Moreover, the bill forces for the first time every distributor, including every multi-level marketer in the United States, to register with the agency, identify all products, list all ingredients in those products, and retain records for FDA inspection. In his heart of hearts McCain does love regulation. He would take the Avon lady, who sells supplements, and regulate her with the same tenacity as the largest dietary supplement company. He would permit FDA investigators to visit her home to inspect her supplements and verify her recordkeeping was in order. He would permit FDA to charge her with civil law violations and fine her if her records were not in order or if she failed to file registration papers. McCain must be entirely comfortable with these intrusions because his bill would make them the law.

In an earlier article, I lampooned the bill with a Joe the Plumber example. I said Joe probably has to sell supplements in this bad economy, was promised by Candidate McCain regulatory relief, but would find himself now the victim of extensive new federal regulation visited upon him at the request of John McCain.

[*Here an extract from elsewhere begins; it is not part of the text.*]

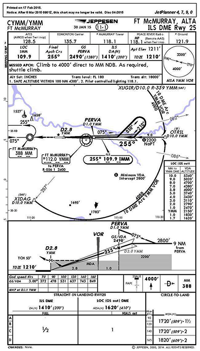 Navigational aids serving CYMM include the Fort McMurray non-directional beacon (MM NDB), the Fort McMurray very high frequency omnidirectional range (YMM VOR) with associated DME, and the IMMFootnote 10 ILS with associated DME. Runway 25 is served by ILS/DME, and area navigation and global navigation satellite system approaches.

Joe, you’ve been betrayed (again).

Some on the Hill and in the trade associations are now playing the field for McCain, telling the supplement industry that a compromise bill can be crafted. This is to lessen the ire against the bill. The problem with accepting that compromise approach is that it increases the likelihood that some part of this bad bill will make it into the law. If a version of McCain’s bill ever passes the Senate and another version of it the House, it would be negotiated in conference where supplement haters like Henry Waxman would do FDA’s bidding and add into the bill loose language to permit a gross expansion in FDA regulatory power.

Going part way down the slope gets you to the bottom faster than if you refuse to get on the slope at all. Remember the only legitimate thing the bill could do (render unlawful the sale of supplements as steroids) is already the law. In short, there is no sound reason for enacting any part of the McCain bill. There is no such thing as irrelevant legislation. If you give FDA a new law, FDA will interpret it to provide the agency with new powers. Better to legislate only when essential, at least that is the political lesson of our Founding Fathers and one learned by those who are sincere in their respect for limited government. John McCain, while claiming to fit within this tradition, does not. He has flunked the limited government test. He is a friend of energetic government. He trusts more in regulation and in the discretion of regulators than he does in the American people.

The good news is that Congressman J.D. Hayworth is giving McCain a run for the money. He is running against McCain for the Republican Party nomination for the U.S. Senate. I urge those who read this column in Arizona to jump on the Hayworth band wagon. Hayworth would never support an awful bill like this. You will not find Hayworth trusting in government regulators more than he does in the liberty of the American people. Its time for McCain to try a new line of work that does not involve the privilege of exercising power to restrict other people’s freedoms.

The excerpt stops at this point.